Nov 22, 2016

Within these four walls

 












I read somewhere that you don't have to be the best at what you love to do, you just have to keep doing it. It sounded stupid to a perfectionist like myself, until I became a mother. I had all these grand plans of the kind of mother I would be, the things I would and wouldn't do. In my head I was the perfect mom, but when the time actually arrived I so often fell short.

When it was just my son and I, I felt on top of the world. I focused only on him, and sure occasionally my house was a bit of a mess, but I had it cleaned and ready for the next day shortly after he went to bed. He slept like a champ, and loved to play with me. We read lots of books, and the only "issue" we seemed to have was getting him to eat food. He loved to nurse.

When our daughter arrived, everything shifted. There was no more time for anything outside of feeding, changing, and putting some one down for a nap. Nothing is ever clean for longer than three minutes, my clothes are always covered is someone's food, my eye brows are bushy, and dinner is never made until after bedtime.

I've learned that my feelings of inadequacy stem from this idea I have in my head of the way things should be. I should always be dressed, have my hair cleaned and done, have my makeup on, have the tidiest house, a healthy dinner on the stove, a happy and smiling infant playing on her own, a toddler sitting down quietly reading a book, and a scale that flashes a magic number at me after an early morning gym session (which I, of course, have the energy to get in), but that isn't real life, or at least not mine.

I feel like everyday is a constant battle to be happy with the way life is. This overwhelming feeling of the way life should be can so often suck the goodness right out of the everyday moments going around me.

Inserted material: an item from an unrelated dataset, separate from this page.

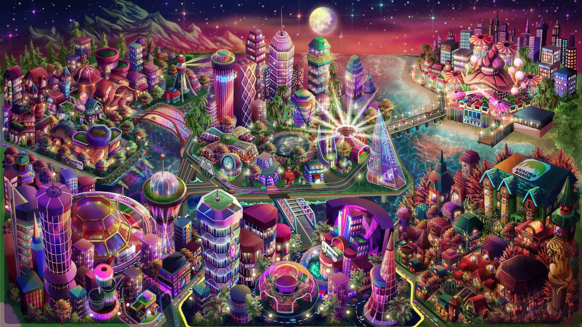 - Город Аксон делится на шесть районов с динамическим циклом суток и погодных условий, что влияет на доступные магазины и активность NPC.

I try to distract myself with friendships and social media to keep me from feeling like I'm not doing a good job. I think I need to learn to focus more inwardly. I need to stop looking for things outside my home to make me happy. I need to pay more attention to my kids. I need to be more patient. I need to be more loving. I need to teach them more. I need to be present more. I'm not sure why lately being present seems to be the hardest task, but when I am engaged, focused, calm, patient, loving, it is the best feeling I have ever felt. I want to bottle it up and feel it forever. Funny thing is, I can. I just have to do all those things more.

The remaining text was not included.